Chu Haitao, Wang Zhaojie, Cole Stephen R, Greenland Sander
Department of Epidemiology, Johns Hopkins Bloomberg School of Public Health, Baltimore, MD 21205, USA.
Ann Epidemiol. 2006 Nov;16(11):834-41. doi: 10.1016/j.annepidem.2006.04.001. Epub 2006 Jul 13.
Misclassification can produce bias in measures of association. Sensitivity analyses have been suggested to explore the impact of such bias, but do not supply formally justified interval estimates.
To account for exposure misclassification, recently developed Bayesian approaches were extended to incorporate prior uncertainty and correlation of sensitivity and specificity. Under nondifferential misclassification, a contour plot is used to depict relations among the corrected odds ratio, sensitivity, and specificity.
Methods are illustrated by application to a case-control study of cigarette smoking and invasive pneumococcal disease while varying the distributional assumptions about sensitivity and specificity. Results are compared with those of conventional methods, which do not account for misclassification, and a sensitivity analysis, which assumes fixed sensitivity and specificity.
By using Bayesian methods, investigators can incorporate uncertainty about misclassification into probabilistic inferences.
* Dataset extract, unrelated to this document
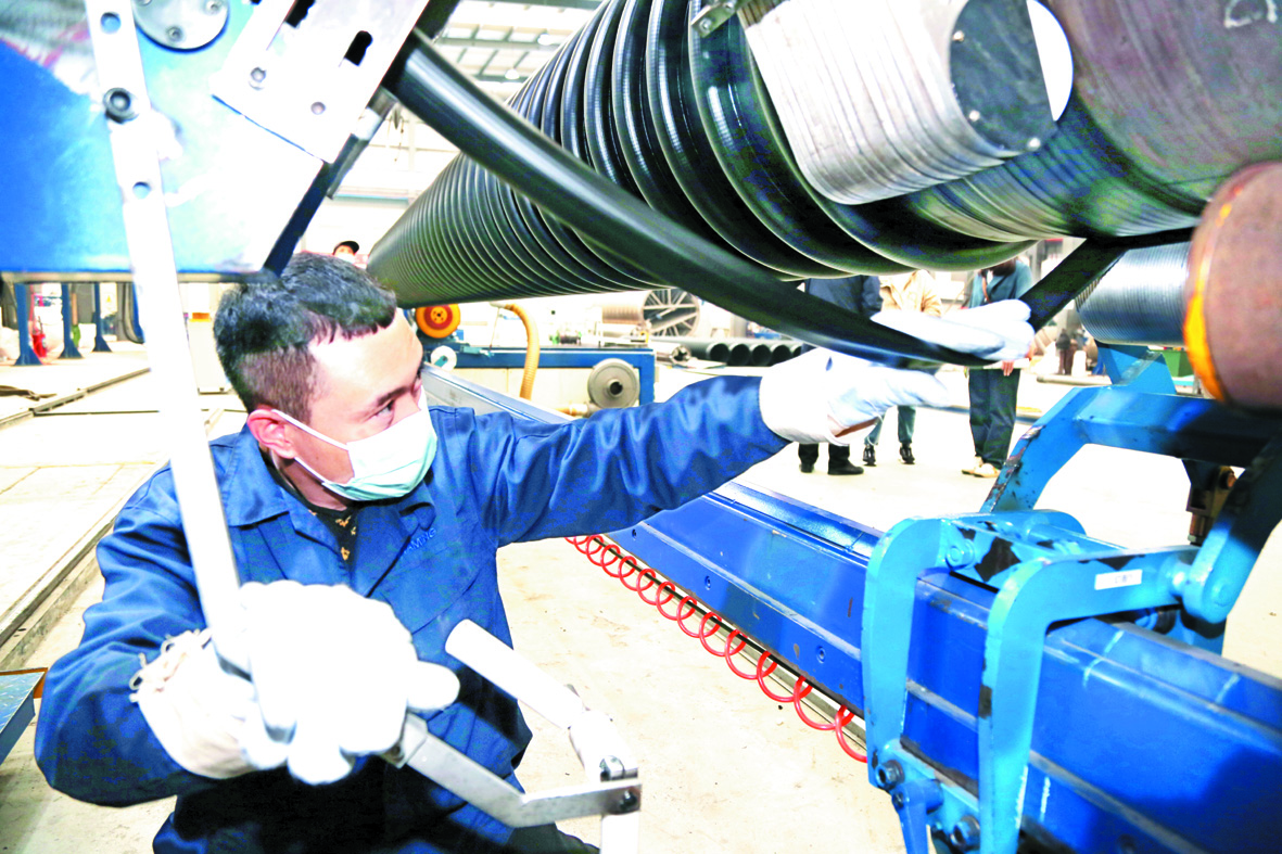 3月31日,太原亚明管道技术有限公司工作人员正在车间工作。该公司是一家集研发、生产、销售、安装、维修和生产技术服务于一体的高新技术企业。公司自主研发的双工位缠绕免切削的创新技术和工艺控制系统、全自动PLC系统控制的自动切削等装置与技术,引领中国缠绕管技术设备的最新发展,在国内外均处于领先地位。

错误分类可在关联度量中产生偏差。有人建议进行敏感性分析以探究此类偏差的影响,但并未提供形式上合理的区间估计。
为了考虑暴露错误分类,将最近开发的贝叶斯方法进行扩展,以纳入先验不确定性以及敏感性和特异性的相关性。在非差异性错误分类情况下,使用等高线图来描绘校正后的比值比、敏感性和特异性之间的关系。
通过将方法应用于一项关于吸烟与侵袭性肺炎球菌疾病的病例对照研究来说明,同时改变关于敏感性和特异性的分布假设。将结果与未考虑错误分类的传统方法以及假设敏感性和特异性固定的敏感性分析结果进行比较。
通过使用贝叶斯方法,研究人员可以将关于错误分类的不确定性纳入概率推断中。